Memunda is a  small village near Vatakara town in Kozhikode district of Kerala, south India.

History
The Story of Thcholi Othenan is related to Memunda. Many exploits of Tacholi Othenan, the hero of the ballads of north malabar (Vadakkan Pattukal) were held in is the Lokanarkavu, in Memunda. Annual ceremonies are conducted in memory of "Othenan" whose birthplace is Manikoth, Meppayil near Memunda. The Lokanarkavu Bhagavathi Temple is in Memunda.

Tourism
The main attraction in Memunda is the 'Lokanarkavu Utsavam' (festival) during the months of Vrishchikam (November–December) and Meenam (March–April). The village has three rock-cut caves. The majority of the residents of Memunda are day laborers although there also reside many architects, teachers, and remote workers. There is also Kunnoth Para Quarry, a rock quarry in Memunda.

Geography 
Memunda is a small village in Kerala is located on the east coast(6 km away) of Arabian Sea at 
Memunda is surrounded by two hills- Muthappan hill and Valiya Mala.

Attractions
 Lokanarkavu(ലോകനാര് കാവ് ക്ഷേത്രം)
The Lokanarkavu in Memunda, 5 km. from Vatakara, is a popular temple of North Malabar. This temple is associated with the heroes and heroines of Vadakkanpattu. In the vicinity of the temple there are three rock-cut caves. There are candid murals and carvings adorning the caves. The main deity is Goddess Durga. The festival, locally called Pooram, is celebrated during March/April. There are two temples adjacent to the Lokanarkavu with Vishnu and Shiva as deities. Lokanarkavu goddess is named as Lokanarkavilamma which was the dearest god of Thacholi Othenan a hero of Kadathanadu.

Siddasramam:
Situated near the Payam Kuttimala, in Memunda, Siddasrama is a spiritual centre. Siddasramam has branches in Kerala as well as outside Kerala. Its one of the most popular Sidda Centre of North Malabar.
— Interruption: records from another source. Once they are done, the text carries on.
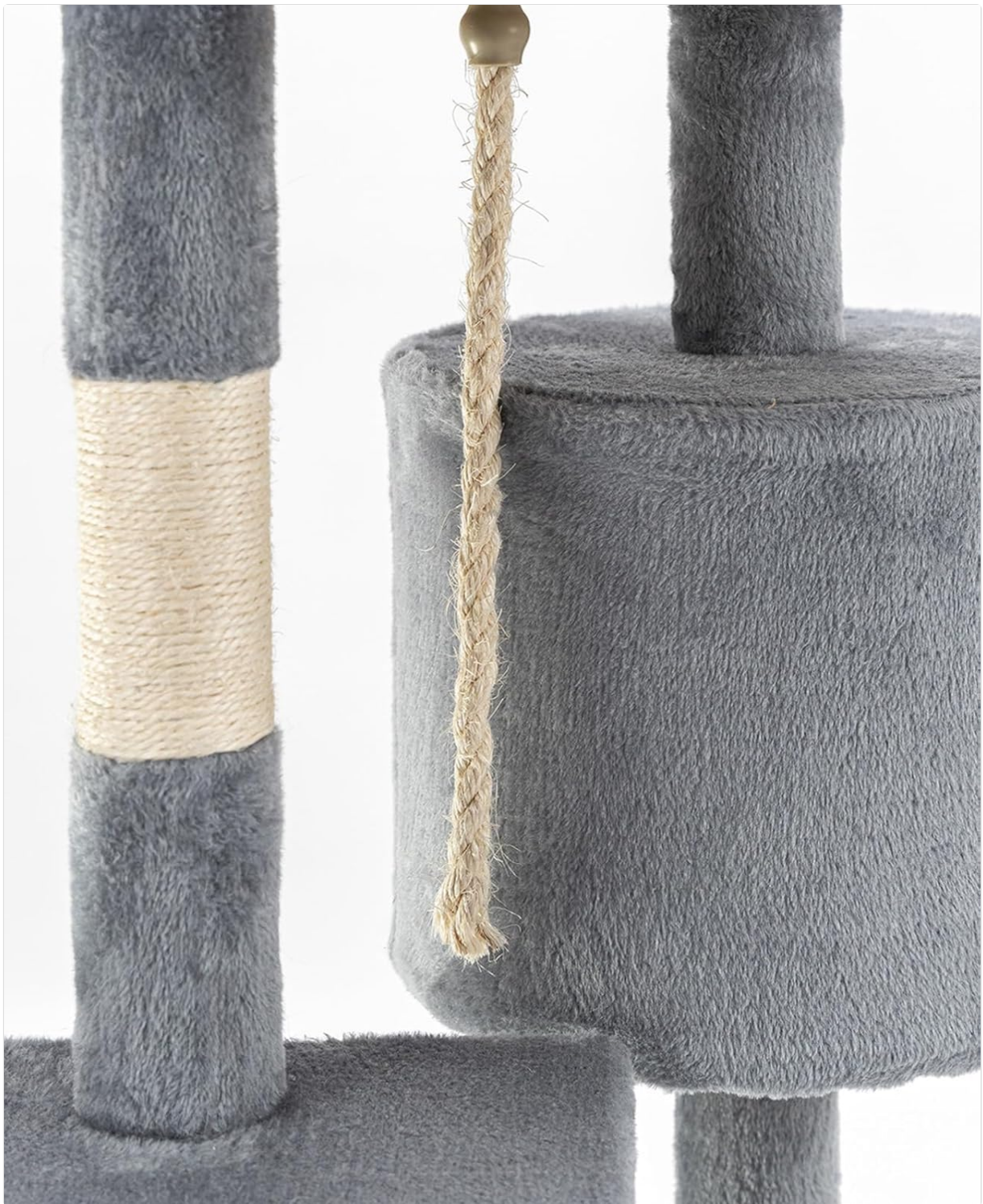
Image: Sisal-wrapped post for scratching and a hanging rope toy for engagement.
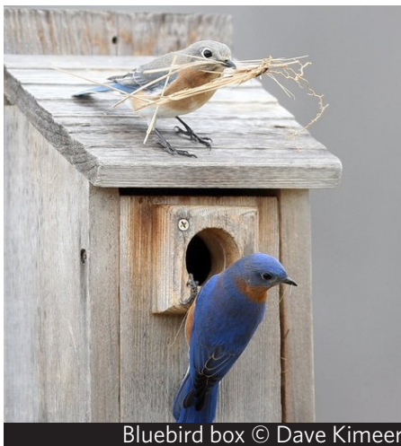
Bluebird box
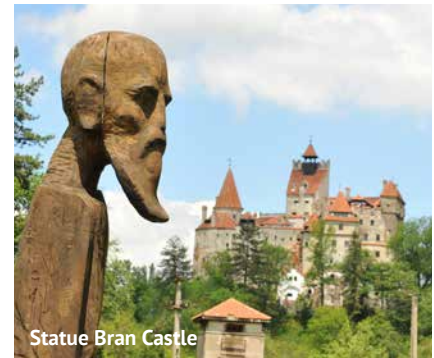
Statue Bran Castle

and the legend of Vlad Cepeș, a Romanian hero known as a very cruel ruler, and used it all as inspiration for his world-famous novel. Thanks to the fact that Vlad the Impaler was held as a prisoner in this beautiful mediaeval castle, a belief was created that Bran Castle is the place where Stoker placed his story and it became known as Dracula's Castle.
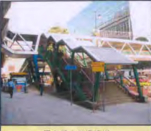
現有行人天橋樓梯 EXISTING FOOTBRIDGE STAIRCASE
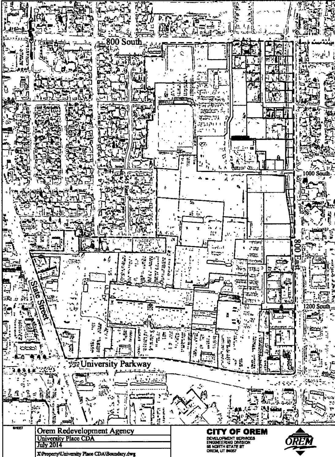
EXHIBIT B Project Area Map
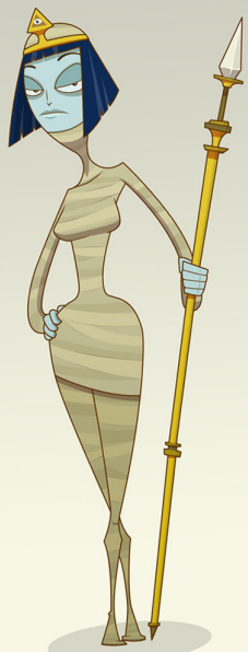
Isesi the Undead

Oh yeah, and some hieroglyphics depict her as a total mummy babe! Which is why Rockwell has a secret crush on her, but don't tell anyone.
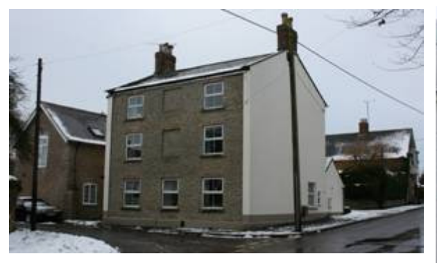
Figure 23: Barrow Hill House.
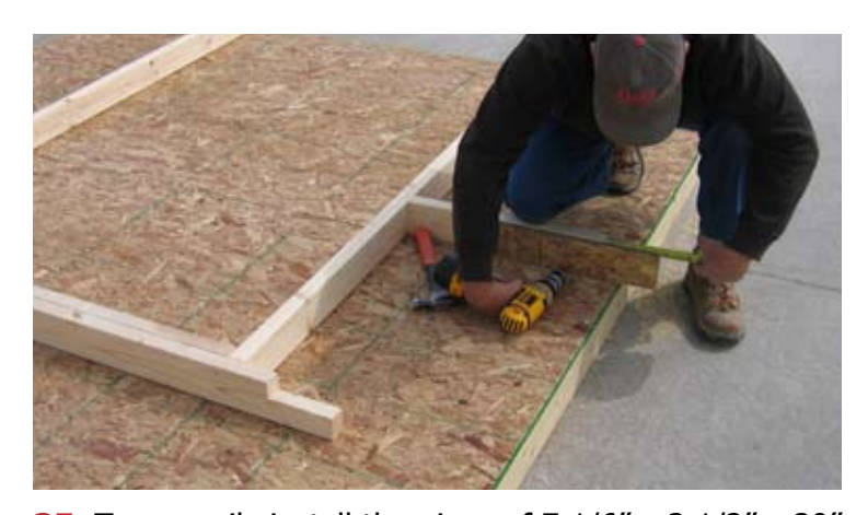
35. Temporarily install the piece of 7 1/6" x 3 1/2" x 20" OSB to the 2x4 that is attached to the middle of door, as shown. Measure out 5 1/2" and fasten with 1 1/4" blackheaded screws. Repeat on other side.
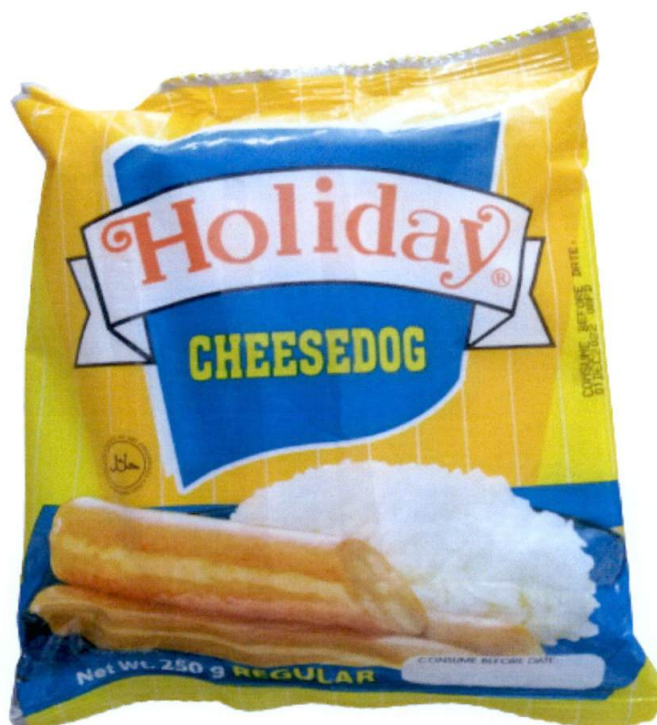
Figure 1. Unregistered HOLIDAY Cheesedog Regular

The Food and Drug Administration (FDA) warns all healthcare professionals and the general public NOT TO PURCHASE AND CONSUME the unregistered food product:
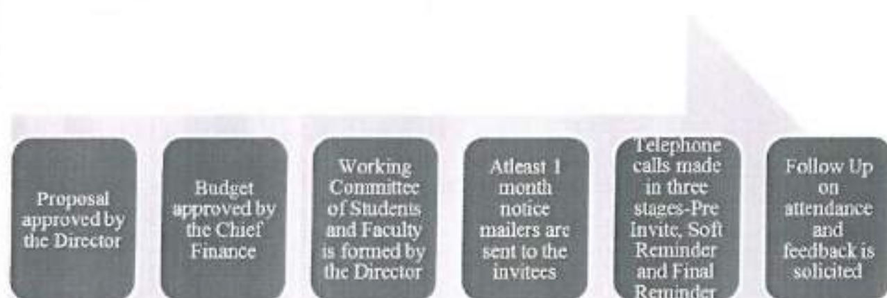
Figure 4-Standard Operating Procedure for all Events

Since alumni committee conducts several events every year in the campus and outside the campus, it is imperative to have set of guidelines to ensure highest quality is maintained for the conduct of the event and proper accountability is in place. This is also considered as a learning experience for students which prove to be useful once they join the corporate world. As shown in the Figure 4, there are various steps involved to be executed by the committee members working with the Head of the institution and faculty in-charge and the Finance department.
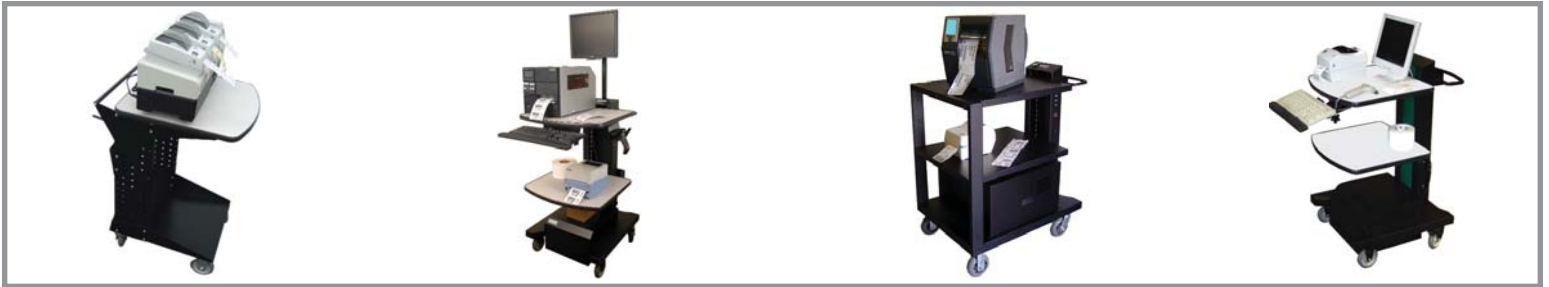
Mobile Powered Workstations, Accessories & Power Packages
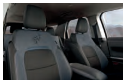
Ebony & Area 51 Cloth / 1-11 Badlands
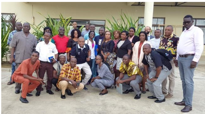
Participants of the programme management training in Monrovia.
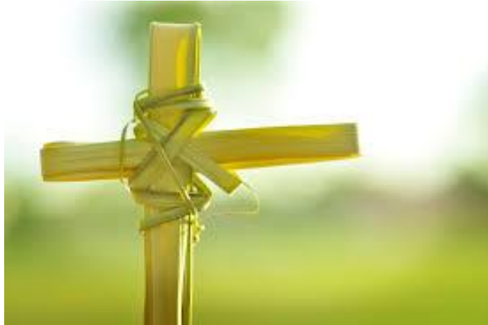
Palm Sunday (The pioneer woman)

The mass setting in this service is St Anne's Mass by MacMillan.
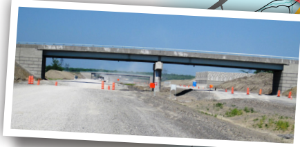
Rang Saint-Régis Sud overpass crossing Autoroute 30. This overpass and the Rang Saint-Régis Nord overpass have been completed.
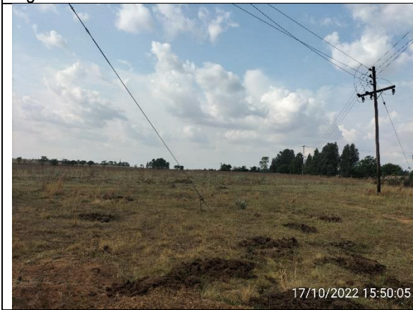
Figure 3: General site
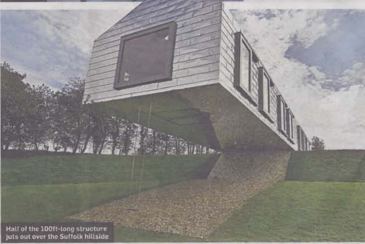
Half of the 100ft-long structure juts out over the Suffolk hillside

"THE BUILDERS ATE A WHOLE COW BETWEEN OCTOBER AND APRIL. BUT THAT'S THE BEAUTY OF BEING A FARMER"
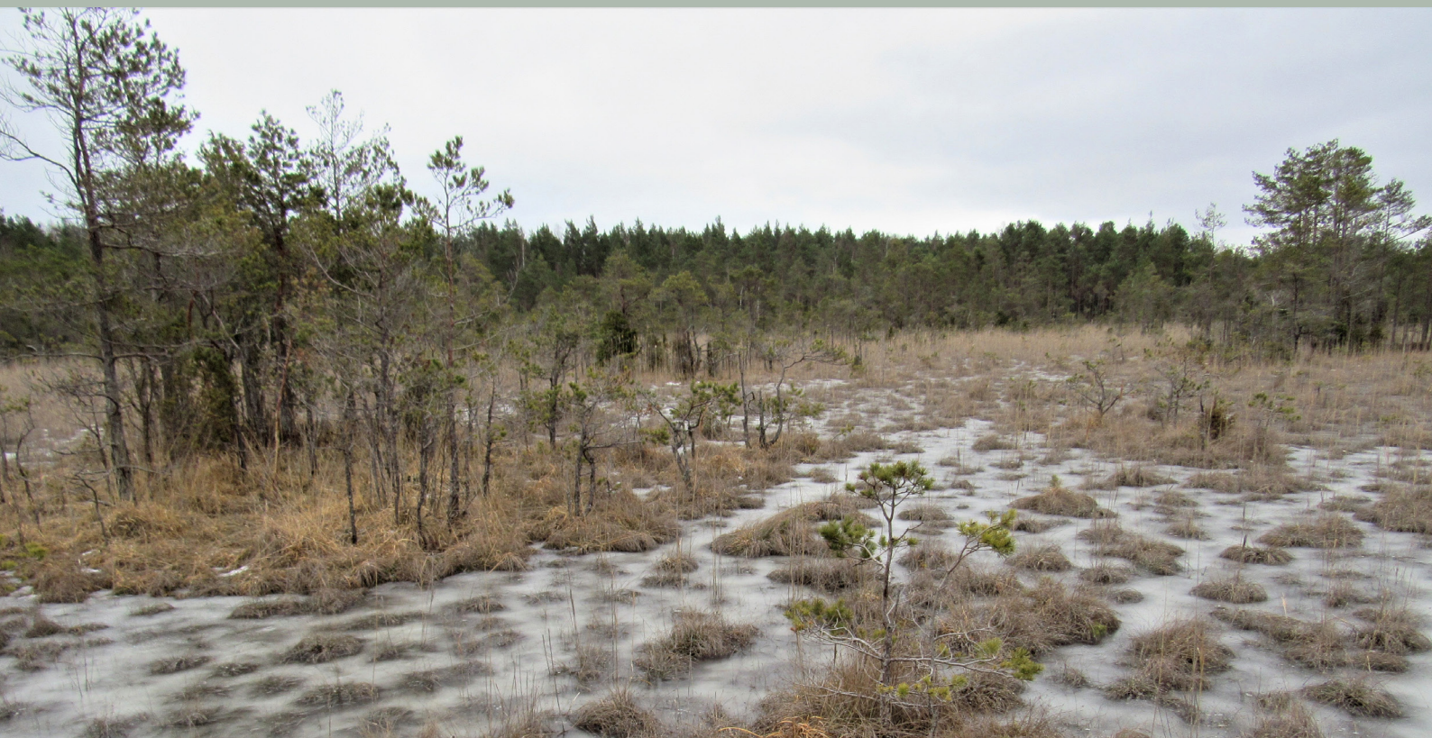
Photo: Engure, Latvia.

EU Environmental Impact Assessment (EIA) Directive, Green Infrastructure policy
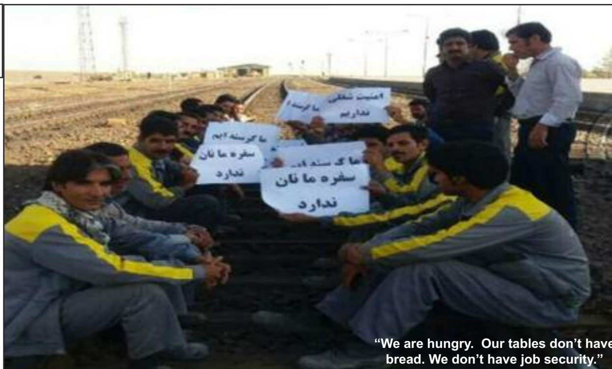
"We are hungry. Our tables don't have bread. We don't have job security."

September 19—As we go to press, strikes continue in Iran. Industrial workers and others have walked out in the face of the crisis of skyrocketing inflation and withholding of workers' pay. In some factories, workers haven't been paid for 12 months. The protests are a continuation of the uprising in December of the poor and unemployed.
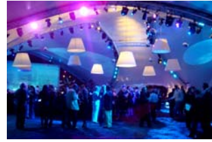
Everlast Productions drenched the tent in colorful blue and pink lighting and projections of the property's rendering.
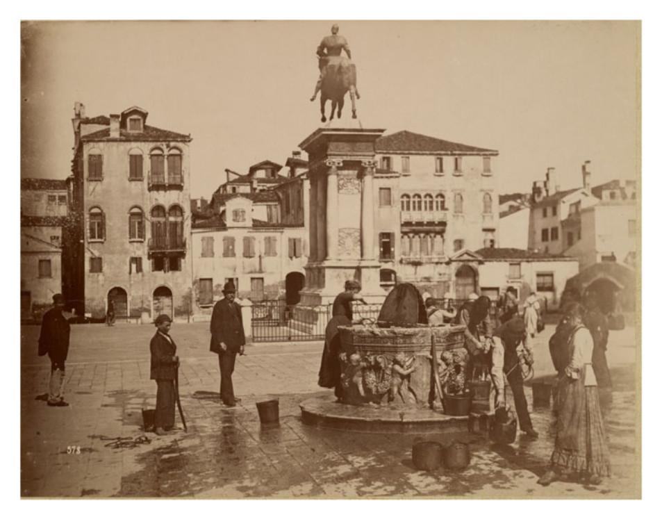
Figure 3. Public well (cistern), Venice about 1870–1880. Source: Giovanni Battista Brusa (Italian, active 1860–1880), photographer. The J. Paul Getty Museum. Public domain.
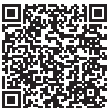
SafeWork Australia's Forklift Guide

Muthappan Kavu, also known as Muthappan Mala, is in Memunda, 5 km from Vatakara town. It is a religious as well as tourist attraction. Many tourists arrive from outside of India also and every year there is a festival

Memunda Madham Naga Temple (മേമുണ്ട മഠം ക്ഷേത്രം)
It is a very ancient nagakshethram (temple dedicated to snake gods). It is situated east of Memunda town. There are many people in various religious visited in the temple. The special pooja 'Sarpa bali'is very famous.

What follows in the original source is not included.